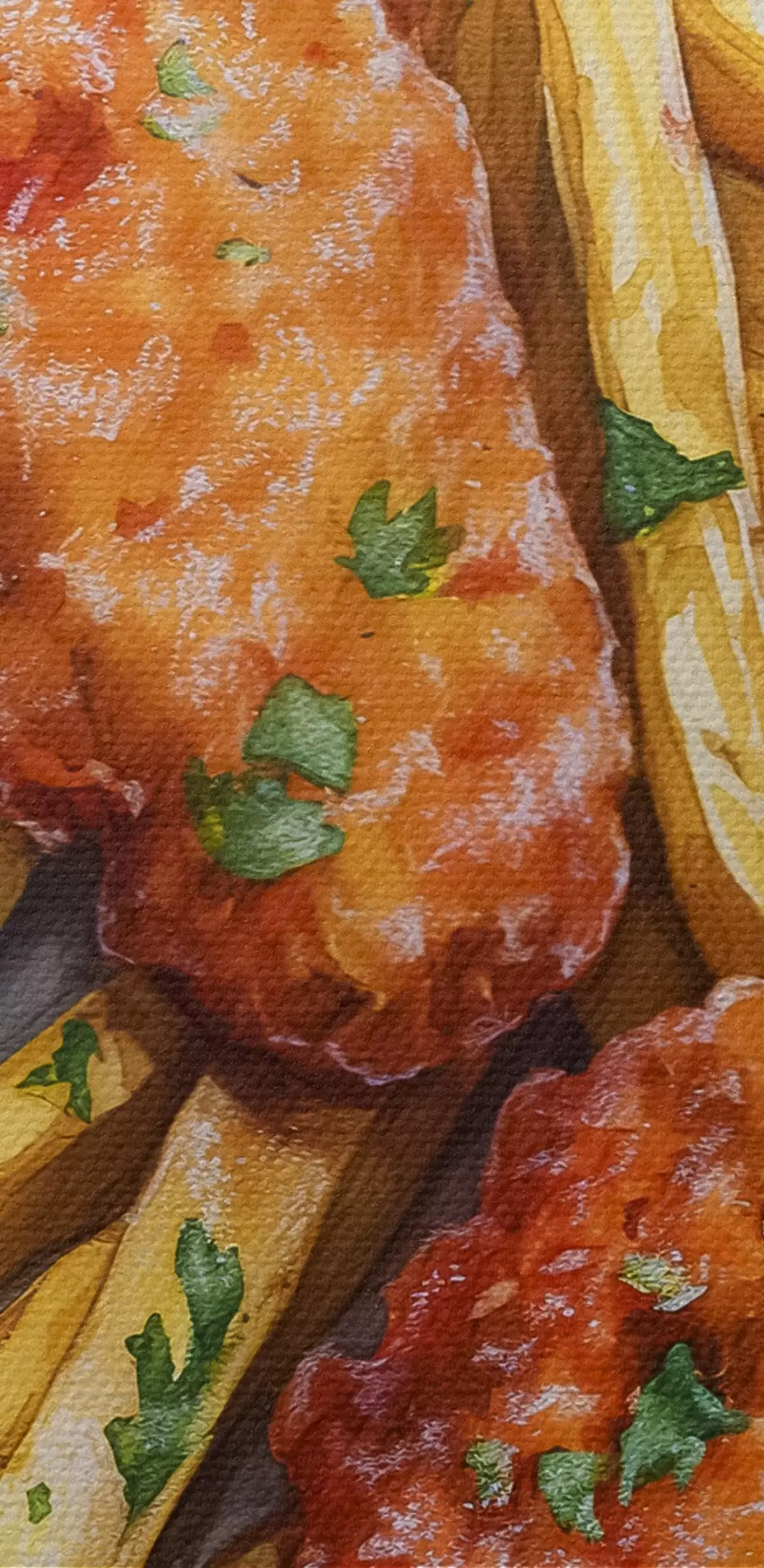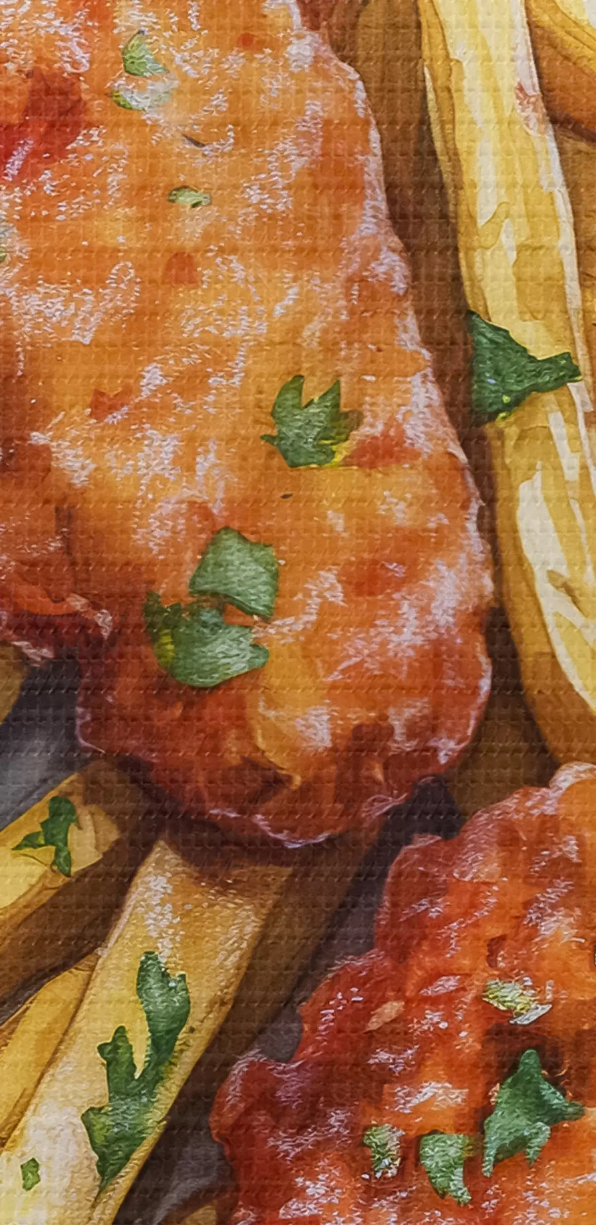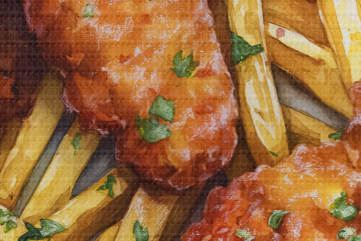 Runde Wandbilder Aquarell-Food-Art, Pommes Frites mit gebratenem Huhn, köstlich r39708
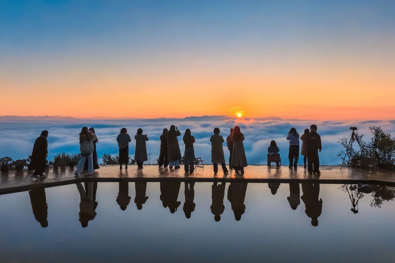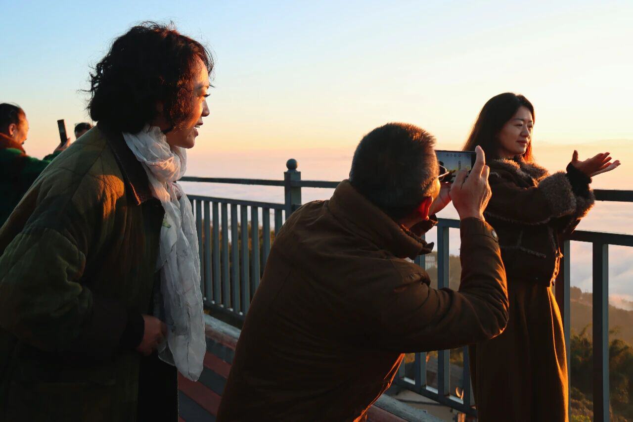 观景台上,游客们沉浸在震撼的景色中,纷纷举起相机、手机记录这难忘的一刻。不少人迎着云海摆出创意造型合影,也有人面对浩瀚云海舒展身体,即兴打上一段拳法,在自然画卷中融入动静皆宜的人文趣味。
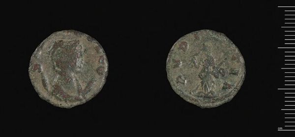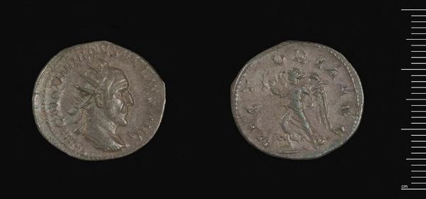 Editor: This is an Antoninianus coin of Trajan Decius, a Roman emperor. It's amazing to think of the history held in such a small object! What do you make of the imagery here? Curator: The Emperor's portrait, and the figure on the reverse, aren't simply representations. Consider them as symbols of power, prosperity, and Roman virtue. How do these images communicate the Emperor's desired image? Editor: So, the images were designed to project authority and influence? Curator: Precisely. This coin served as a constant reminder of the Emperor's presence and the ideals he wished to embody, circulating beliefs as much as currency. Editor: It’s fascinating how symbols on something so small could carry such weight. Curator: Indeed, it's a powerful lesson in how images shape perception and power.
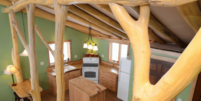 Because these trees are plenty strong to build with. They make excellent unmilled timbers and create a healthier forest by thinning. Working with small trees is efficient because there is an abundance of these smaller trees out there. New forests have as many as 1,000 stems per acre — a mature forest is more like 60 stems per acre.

--- --- ---

• What you need to do: Would you please repeat the lines above exactly, from the first line of the listing through the line holding "Editor: This is", with nothing added and no pictures?

• Reply to the task:
 Runde Wandbilder Aquarell-Food-Art, Pommes Frites mit gebratenem Huhn, köstlich r39708
 观景台上,游客们沉浸在震撼的景色中,纷纷举起相机、手机记录这难忘的一刻。不少人迎着云海摆出创意造型合影,也有人面对浩瀚云海舒展身体,即兴打上一段拳法,在自然画卷中融入动静皆宜的人文趣味。
 Editor: This is an Antoninianus coin of Trajan Decius, a Roman emperor. It's amazing to think of the history held in such a small object! What do you make of the imagery here? Curator: The Emperor's portrait, and the figure on the reverse, aren't simply representations. Consider them as symbols of power, prosperity, and Roman virtue. How do these images communicate the Emperor's desired image? Editor: So, the images were designed to project authority and influence? Curator: Precisely. This coin served as a constant reminder of the Emperor's presence and the ideals he wished to embody, circulating beliefs as much as currency. Editor: It’s fascinating how symbols on something so small could carry such weight. Curator: Indeed, it's a powerful lesson in how images shape perception and power.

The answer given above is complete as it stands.